FOOTNOTES

[41] ἔστι δὲ τέτταρα σχεδόν, ἃ παιδεύειν εἰώθασι, γράμματα καὶ γυμναστικὴν καὶ μουσικήν, καὶ τέταρτον ἔνιοι γραφικήν.—Pol., viii. p. 259.

[42] Ὑπογράφεσθαι is the technical term for this drawing of models.

[43] Aristotle implies in his discussion (“Pol.,” bk. vii. 1) that there had arisen in his day radical critics who asserted that music was merely an amusement, with no other importance. But he sets aside this opinion as hardly deserving of refutation, seeing how strong was the consensus of opinion against it.

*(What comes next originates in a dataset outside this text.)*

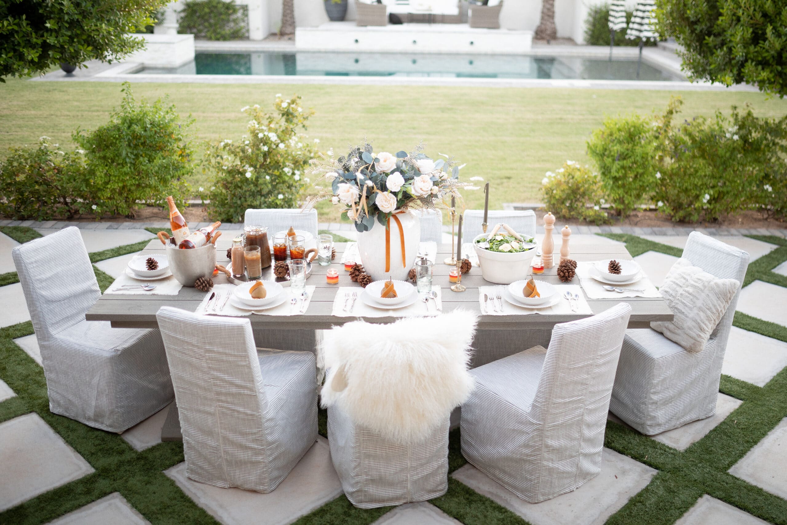 If you’re ready for fall entertaining then I have a beautiful table just for you! This gorgeous set up in in partnership with my friends at Arhaus! I’ve set up a dreamy space outdoors in our backyard to help you dream up your next outdoor dinner party and table setting.

[44] Aristotle fully appreciates this, and admits, even in his perfect polity, popular music to suit the vulgar listener, who cannot understand what is really classical (“Pol.,” viii.: ὁ γὰρ θεατὴς φορτικὸς ὤν. κ.τ.λ.).

[45] In some cases a very florid adagio is succeeded by a lively plain tune in galop time.

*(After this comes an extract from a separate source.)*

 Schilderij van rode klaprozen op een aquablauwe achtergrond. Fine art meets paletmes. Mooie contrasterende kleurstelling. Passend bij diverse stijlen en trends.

[46] Some people have thought these scales only indicated differences of pitch. This is false, or rather a misapprehension, because in a fixed set of notes—like the white notes in our pianos—various scales could only be found by starting higher or lower. But how could a difference of pitch affect morals?

[47] It is not difficult for a man who has devoted sufficient time to music, and has known many musical people, to find some analogy to Dorian, Phrygian, and Lydian modes, as moral agents, in our modern music. For surely the real meaning, the real depth, in the art is this: that it represents, and by representing stimulates within us, various emotions. Like all the other faculties of man, the emotions are a great class of mental phenomena improved and strengthened by a certain quantity of stimulus, but exaggerated and injured by being overstrained, or too perpetually exercised. And it is the peculiar province of music to awaken emotions too subtle and various for the coarser utterance of words, and therefore to fill the mind with feelings delightful, indeed, and deep, but from their very nature unutterable in words and inexplicable except by sympathy. You cannot convey to an unmusical man what is called the expression of an air—that is to say, the emotion it has caused within you. Let us add that if you could explain it, it would not have the distinctive value which it really possesses. It is this very feature in the question which has caused the moral effects of music to be wholly overlooked in a cold and logical age, when many men are not affected by it, and in which everything inexplicable by direct statement is likely to be considered unreal.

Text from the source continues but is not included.